PROBLEM DESCRIPTION: Go through the data below and copy it exactly, skipping every picture.

RECORDS PROVIDED:
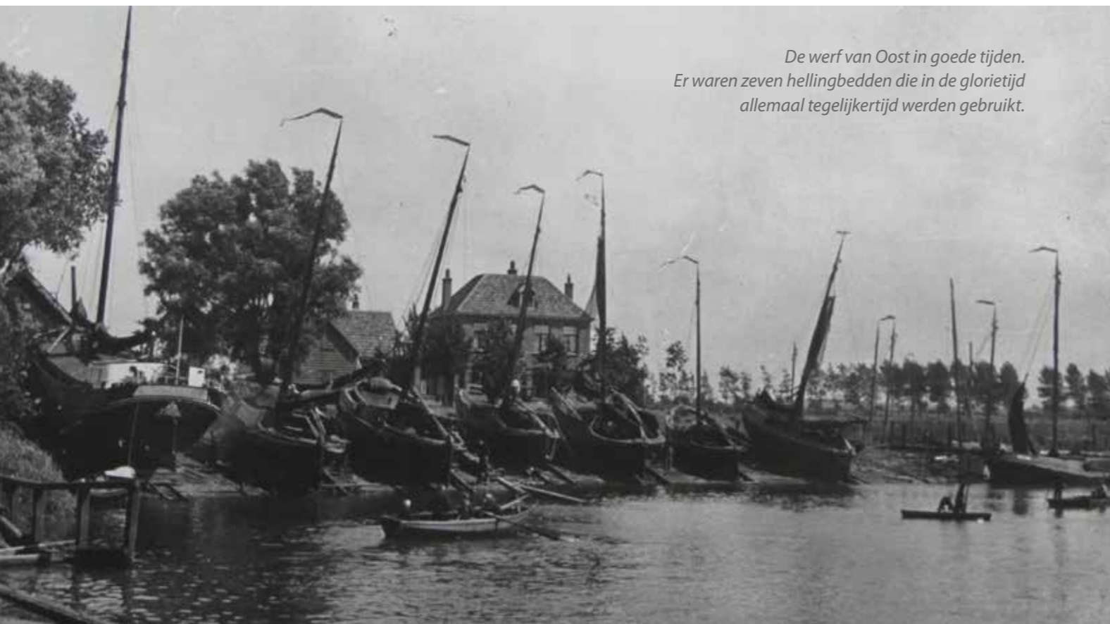
De werf van Oost in goede tijden. Er waren zeven hellingbedden die in de gloriejaren allemaal tegelijkertijd werden gebruikt.
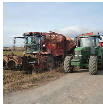
EN ENERO SE RETOMARÁN LOS ARRANQUES

UAGA ha entregado hasta el momento 35.890 toneladas líquidas de remolacha, con un descuento del 12% y una riqueza media de 17,3, lo que supone algo más de la mitad del total de las entregas previstas para esta campaña, en la que el colectivo ha sembrado 500 hectáreas.
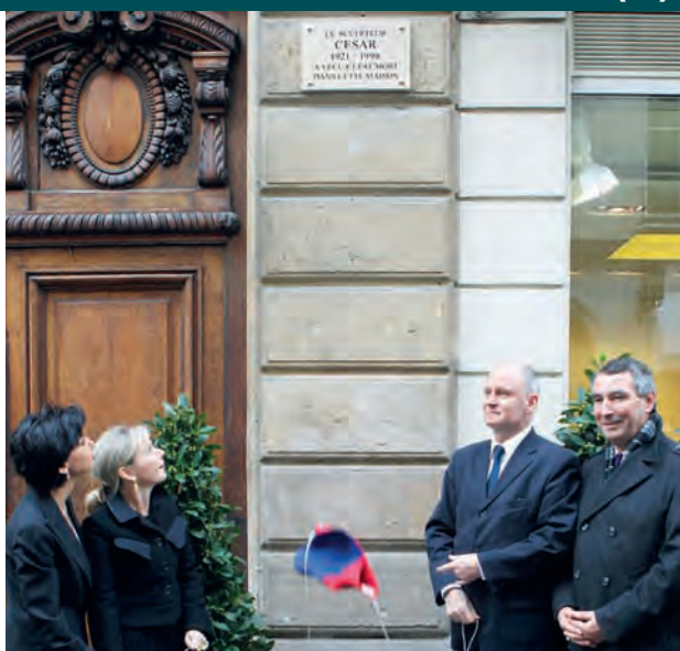
7 ARRIVÉ : INAUGURATION DE LA PLAQUE CÉSAR (P.14)
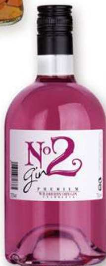
GIN N° 2 rosa Ginebra, 70 cl. 6,00 €
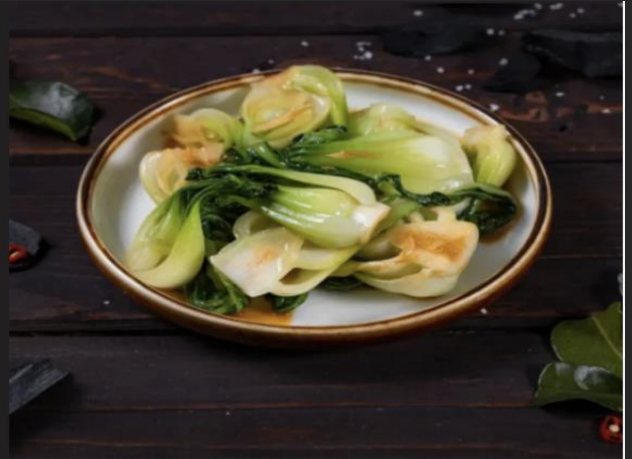
Пак-чой Пак-чой 150 гр
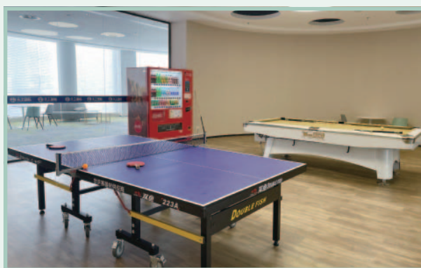
乒乓球及桌球設備
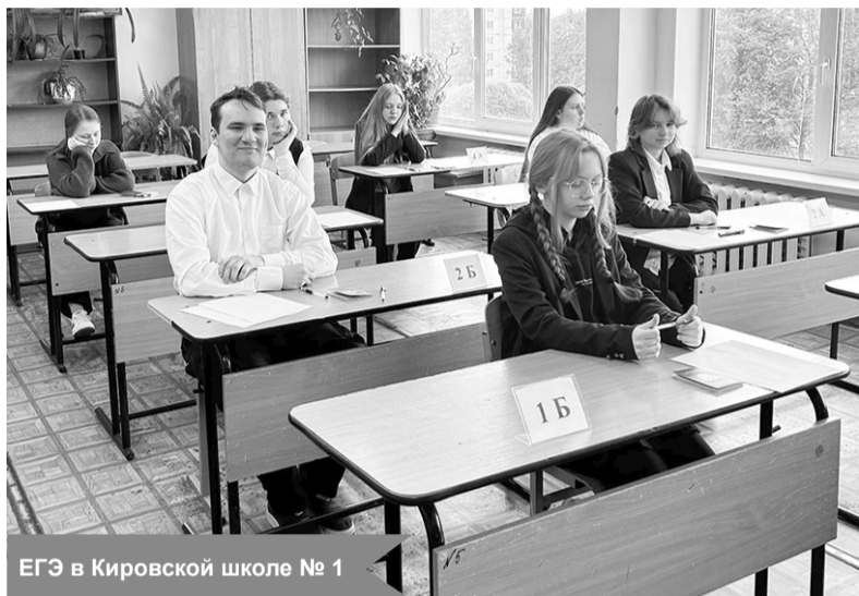
ЕГЭ в Кировской школе № 1

По материалам комитета образования КМР ЛО
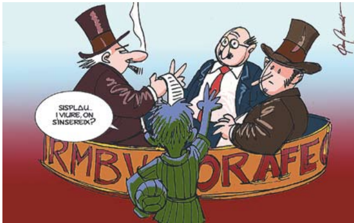
© Reunió sobre les corones de la RMB. || JOAN MUNDET

Rebem com una (relativament) bona notícia el fet que l'augment de l'atur a Castellar, que ha estat d'un 113% entre 2007 i 2011, amb 1.862 aturats l'abril del 2011, hagi estat 11 punts percentuals inferior respecte el promig comarcal, donades les característiques del nostre mercat de treball, amb una alta mobilitat de treballadors cap a

ANSWER FOR THE TASK:
De werf van Oost in goede tijden. Er waren zeven hellingbedden die in de gloriejaren allemaal tegelijkertijd werden gebruikt.
EN ENERO SE RETOMARÁN LOS ARRANQUES

UAGA ha entregado hasta el momento 35.890 toneladas líquidas de remolacha, con un descuento del 12% y una riqueza media de 17,3, lo que supone algo más de la mitad del total de las entregas previstas para esta campaña, en la que el colectivo ha sembrado 500 hectáreas.
7 ARRIVÉ : INAUGURATION DE LA PLAQUE CÉSAR (P.14)
GIN N° 2 rosa Ginebra, 70 cl. 6,00 €
Пак-чой Пак-чой 150 гр
乒乓球及桌球設備
ЕГЭ в Кировской школе № 1

По материалам комитета образования КМР ЛО
© Reunió sobre les corones de la RMB. || JOAN MUNDET

Rebem com una (relativament) bona notícia el fet que l'augment de l'atur a Castellar, que ha estat d'un 113% entre 2007 i 2011, amb 1.862 aturats l'abril del 2011, hagi estat 11 punts percentuals inferior respecte el promig comarcal, donades les característiques del nostre mercat de treball, amb una alta mobilitat de treballadors cap a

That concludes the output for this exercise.